## Problem statement
Could you retype all of the entries exactly, without their pictures?

--- Available data Enclosed Below ---

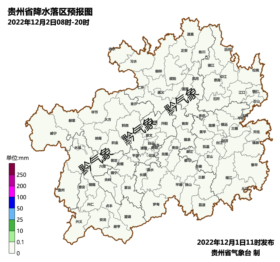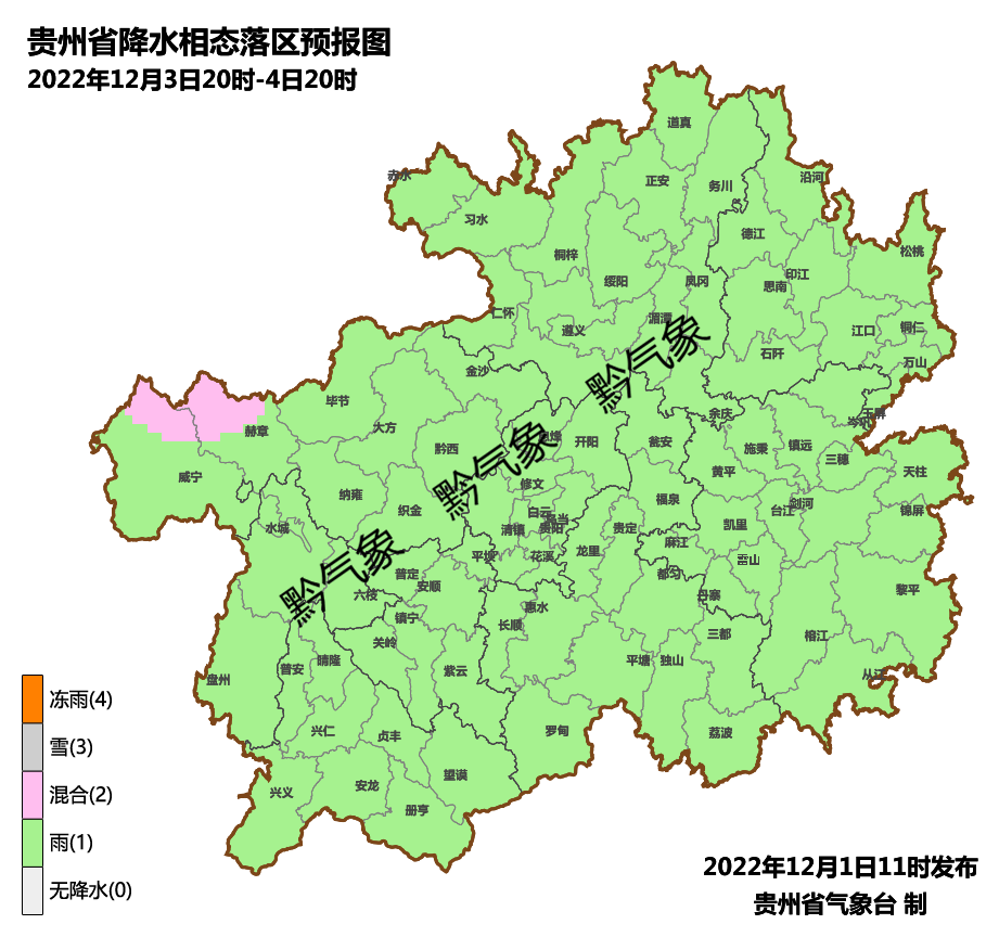今天夜间,铜仁市东部和南部、黔东南州中北部、遵义市南部、黔南州中北部、贵阳市、毕节市大部、安顺市北部有冻雨,东部地势高处有雨夹雪,隧道、桥梁等风口地区及地势高处有道路结冰,省的北部阴天为主,其余地区阴天有小雨,西部地势高处有雾;
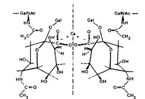 Своеобразный процесс межклеточного гликозилирования поверхностных гликолипидов и гликопротеинов осуществляется ферментами мембран. Полагают, что гликозилтрансферазы одной клеточной поверхности удлиняют, надстраивают олигосахаридные цепочки гликолипидов и гликопротеинов соседней, противоположной поверхности. Важная регу-ляторная роль в этом процессе принадлежит ионам кальция. Са*+ препятствует образованию субстрат-ферментного комплекса между ганглиозидами и гликозилгрансферазами, а вытеснение его другими ионами способствует межклеточному гликозилированию.
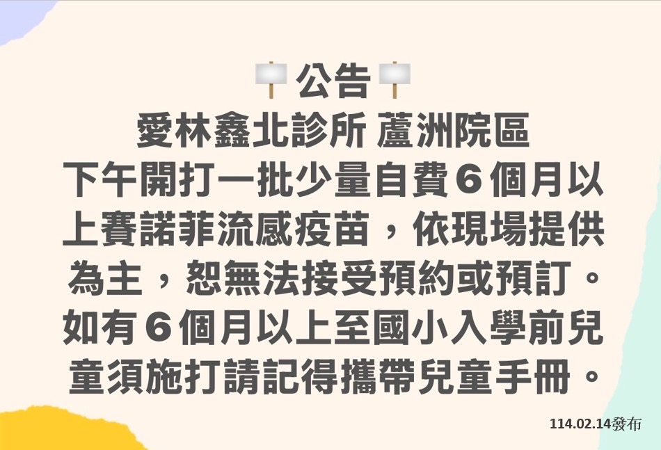愛林鑫北診所蘆洲院區今(2/14)下午開打一批少量自費6個月以上賽諾菲流感疫苗,依現場提供為主,恕無法接受預約或預訂。如有6個月以上至國小入學前兒童須施打請記得攜帶兒童手冊。
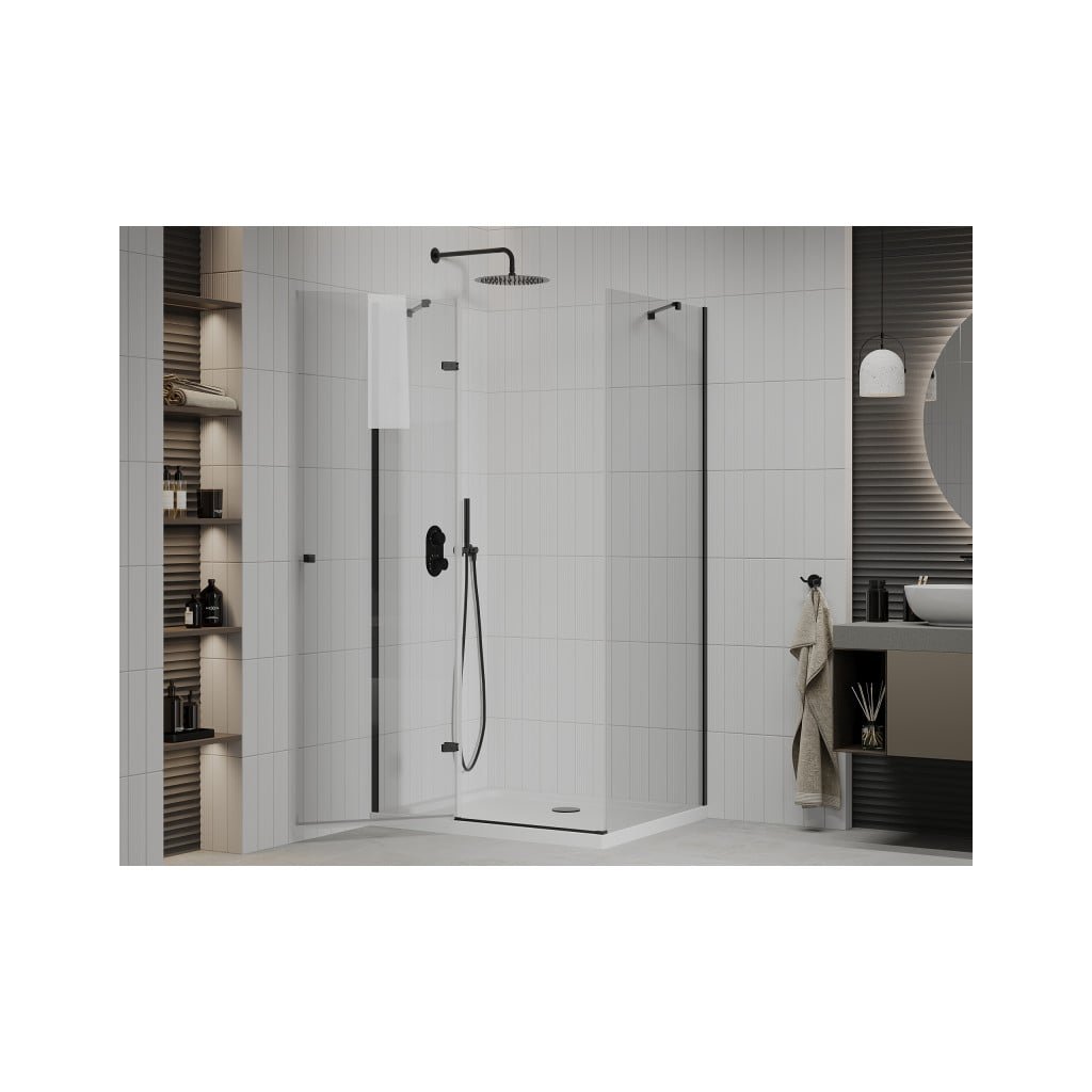 Mexen Roma, sprchovací kút s 1-krídlovými dverami 120 (dvere) x 90 (stena) cm, 6mm číre sklo, čierny profil, slim sprchová vanička 5cm biela s čiernym sifónom, 854-120-090-70-00-4010B
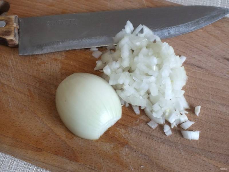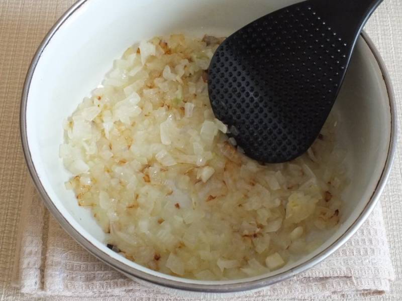 Обжарьте лук на растительном масле до легкого золотистого цвета.
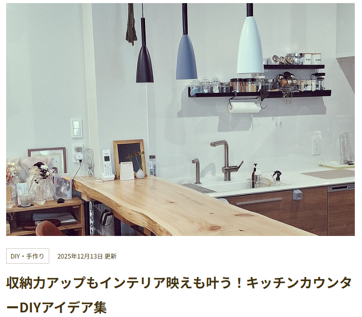作業スペースにするほか、食材の一時置き場、ディスプレイコーナーとしても使えるキッチンカウンターは、ぜひDIYしてみたいもののひとつ。ぜひ実例を参考に、ご自身にぴったりのキッチンカウンターをDIYしてみてください。
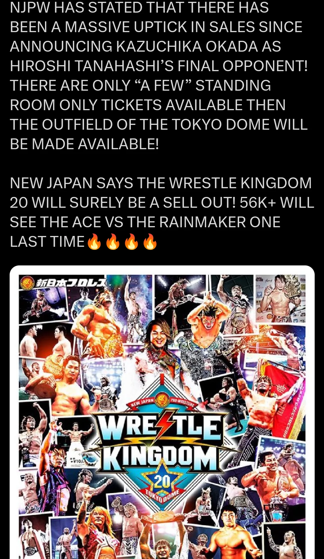 If you think about it, Okada might be the most manufactured star in New Japan's history. He was never able to draw by himself at the Tokyo Dome.>WK7: Tanahashi was the draw>WK8: people talk about Naito failing but Okada was the world champ and got relegated to the semi-main.>WK9: Tanahashi was the draw>WK10: Tanahashi was the draw and heavily carried his ass>WK11: Naito vs Tanahashi in the semi-main was the draw but they didn't want to humiliate Okada by making fans vote>WK12: Naito was the draw, crowd was killed when Okada won>WK13: Tanahashi and Naito vs Jericho drew the house meanwhile Okada wasn't even in the semi-main and no one cared about him facing Jay White anyway>WK14: Naito's story and Ibushi's autism drew the house.>WK17: Antonio Inoki's death was literally carrying this cough era WK real hard.>WK20: Tanahashi carries Okada's ass again, his retirement is the draw
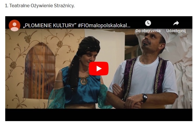 Jak głosować – bezpośrednio na stronie: http://www.malopolskalokalnie.org.pl/ - przewinąć do końca tam jest lista, odznaczyć w kwadraciku przy poz. 1. Teatralne Ożywienie Strażnicy – i kliknąć głosuj w oknie „VOTE”
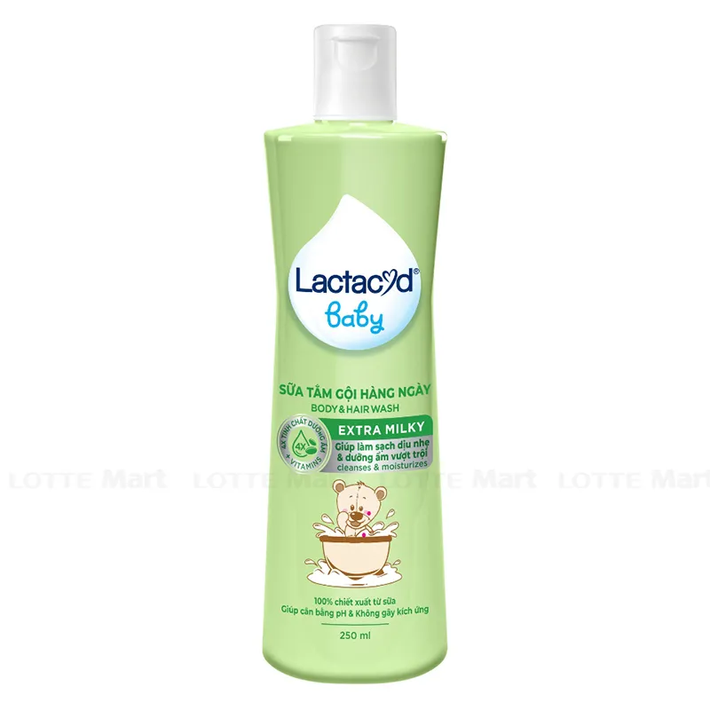 Sữa tắm trẻ em Lactacyd chứa thành phần tự nhiên Lactic Acid & Lactoserum chiết xuất từ sữa giúp duy trì lớp màng bảo vệ tự nhiên trên da, bảo vệ da, đặc biệt là làn da em bé khỏi các kích ứng. Đồng thời với công thức giàu vitamin và khoáng chất giúp nuôi dưỡng tận sâu bên trong giúp làn da và tóc luôn mềm mịn. Lactacyd Milky được thử nghiệm không gây kích ứng và an toàn cho cả làn da nhạy cảm.
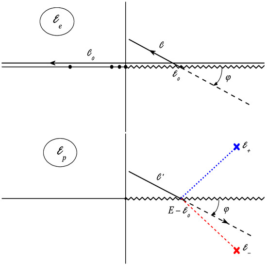 The contour goes from ∞ to just above the real axis in the electron complex energy plane . The bound-state poles of are shown by filled circles. The integration path in Equation (22) is obtained by a negative angle rotation of , about some point on the positive real axis. is the image of the rotated contour on the proton energy plane . The unitarity branch cuts of and are depicted by the zigzag lines. The symbols × show the superfluous poles in the matrix elements of the proton Green’s function calculated in the basis (13).
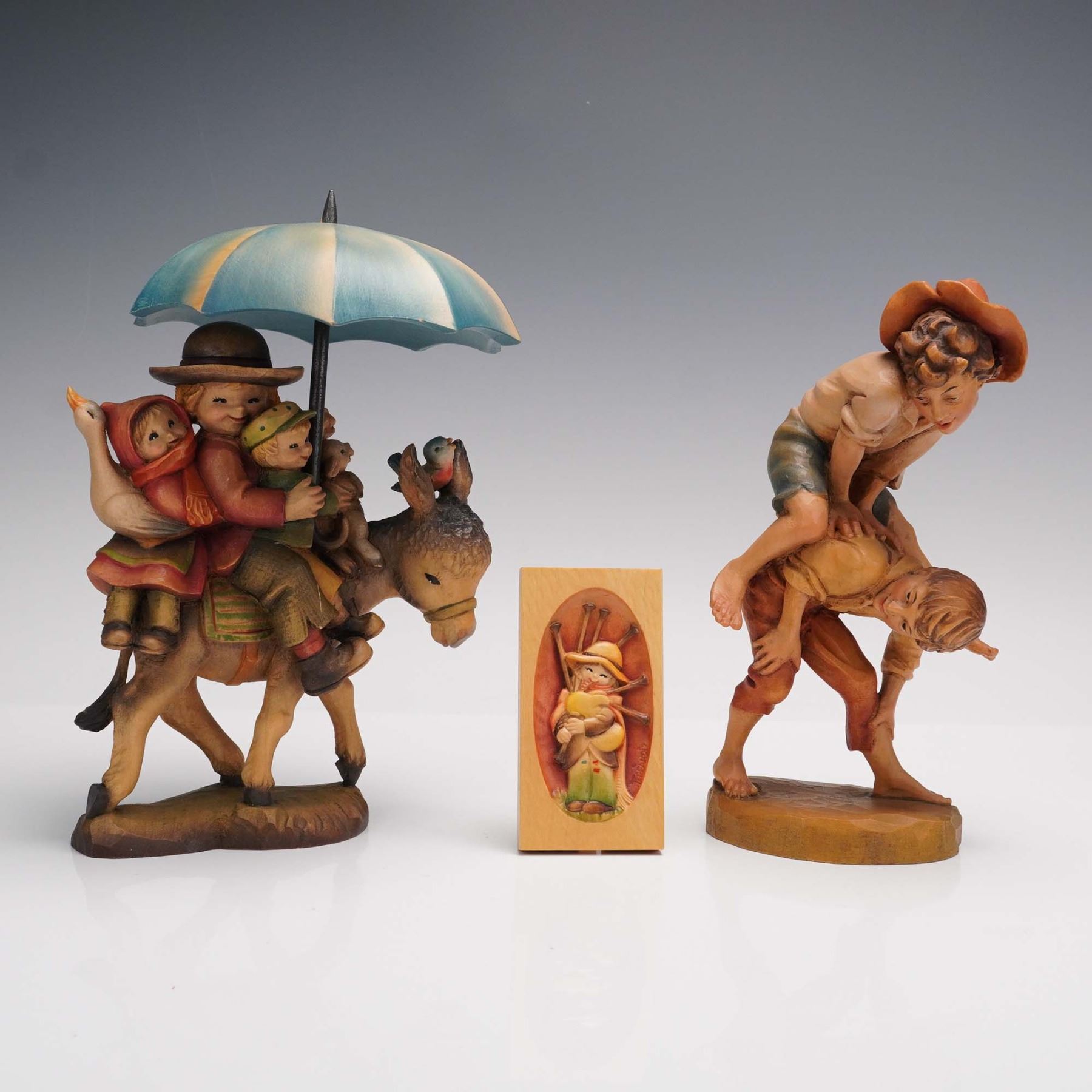Delightful group of three carved wood pieces including two ANRI figures by Jerrandiz. The first is a highly detailed figural group depicting children riding a donkey under a blue striped umbrella, full of charm and narrative appeal. The second is a vertical wall plaque featuring a child playing the bagpipes in high relief, framed in an oval recess and signed Jerrandiz. The third is an unsigned sculpture of two boys at play, captured mid leap in a spirited leapfrog pose, showcasing fluid movement and expressive carving. Anri backstamp. Marked Ferrandiz. Largest item measures: 6.75"L x 5.75"W x 10.25"H.

--- End of Enclosed Available data ---

## Written solution
今天夜间,铜仁市东部和南部、黔东南州中北部、遵义市南部、黔南州中北部、贵阳市、毕节市大部、安顺市北部有冻雨,东部地势高处有雨夹雪,隧道、桥梁等风口地区及地势高处有道路结冰,省的北部阴天为主,其余地区阴天有小雨,西部地势高处有雾;
 Своеобразный процесс межклеточного гликозилирования поверхностных гликолипидов и гликопротеинов осуществляется ферментами мембран. Полагают, что гликозилтрансферазы одной клеточной поверхности удлиняют, надстраивают олигосахаридные цепочки гликолипидов и гликопротеинов соседней, противоположной поверхности. Важная регу-ляторная роль в этом процессе принадлежит ионам кальция. Са*+ препятствует образованию субстрат-ферментного комплекса между ганглиозидами и гликозилгрансферазами, а вытеснение его другими ионами способствует межклеточному гликозилированию.
愛林鑫北診所蘆洲院區今(2/14)下午開打一批少量自費6個月以上賽諾菲流感疫苗,依現場提供為主,恕無法接受預約或預訂。如有6個月以上至國小入學前兒童須施打請記得攜帶兒童手冊。
 Mexen Roma, sprchovací kút s 1-krídlovými dverami 120 (dvere) x 90 (stena) cm, 6mm číre sklo, čierny profil, slim sprchová vanička 5cm biela s čiernym sifónom, 854-120-090-70-00-4010B
 Обжарьте лук на растительном масле до легкого золотистого цвета.
作業スペースにするほか、食材の一時置き場、ディスプレイコーナーとしても使えるキッチンカウンターは、ぜひDIYしてみたいもののひとつ。ぜひ実例を参考に、ご自身にぴったりのキッチンカウンターをDIYしてみてください。
 If you think about it, Okada might be the most manufactured star in New Japan's history. He was never able to draw by himself at the Tokyo Dome.>WK7: Tanahashi was the draw>WK8: people talk about Naito failing but Okada was the world champ and got relegated to the semi-main.>WK9: Tanahashi was the draw>WK10: Tanahashi was the draw and heavily carried his ass>WK11: Naito vs Tanahashi in the semi-main was the draw but they didn't want to humiliate Okada by making fans vote>WK12: Naito was the draw, crowd was killed when Okada won>WK13: Tanahashi and Naito vs Jericho drew the house meanwhile Okada wasn't even in the semi-main and no one cared about him facing Jay White anyway>WK14: Naito's story and Ibushi's autism drew the house.>WK17: Antonio Inoki's death was literally carrying this cough era WK real hard.>WK20: Tanahashi carries Okada's ass again, his retirement is the draw
 Jak głosować – bezpośrednio na stronie: http://www.malopolskalokalnie.org.pl/ - przewinąć do końca tam jest lista, odznaczyć w kwadraciku przy poz. 1. Teatralne Ożywienie Strażnicy – i kliknąć głosuj w oknie „VOTE”
 Sữa tắm trẻ em Lactacyd chứa thành phần tự nhiên Lactic Acid & Lactoserum chiết xuất từ sữa giúp duy trì lớp màng bảo vệ tự nhiên trên da, bảo vệ da, đặc biệt là làn da em bé khỏi các kích ứng. Đồng thời với công thức giàu vitamin và khoáng chất giúp nuôi dưỡng tận sâu bên trong giúp làn da và tóc luôn mềm mịn. Lactacyd Milky được thử nghiệm không gây kích ứng và an toàn cho cả làn da nhạy cảm.
 The contour goes from ∞ to just above the real axis in the electron complex energy plane . The bound-state poles of are shown by filled circles. The integration path in Equation (22) is obtained by a negative angle rotation of , about some point on the positive real axis. is the image of the rotated contour on the proton energy plane . The unitarity branch cuts of and are depicted by the zigzag lines. The symbols × show the superfluous poles in the matrix elements of the proton Green’s function calculated in the basis (13).
Delightful group of three carved wood pieces including two ANRI figures by Jerrandiz. The first is a highly detailed figural group depicting children riding a donkey under a blue striped umbrella, full of charm and narrative appeal. The second is a vertical wall plaque featuring a child playing the bagpipes in high relief, framed in an oval recess and signed Jerrandiz. The third is an unsigned sculpture of two boys at play, captured mid leap in a spirited leapfrog pose, showcasing fluid movement and expressive carving. Anri backstamp. Marked Ferrandiz. Largest item measures: 6.75"L x 5.75"W x 10.25"H.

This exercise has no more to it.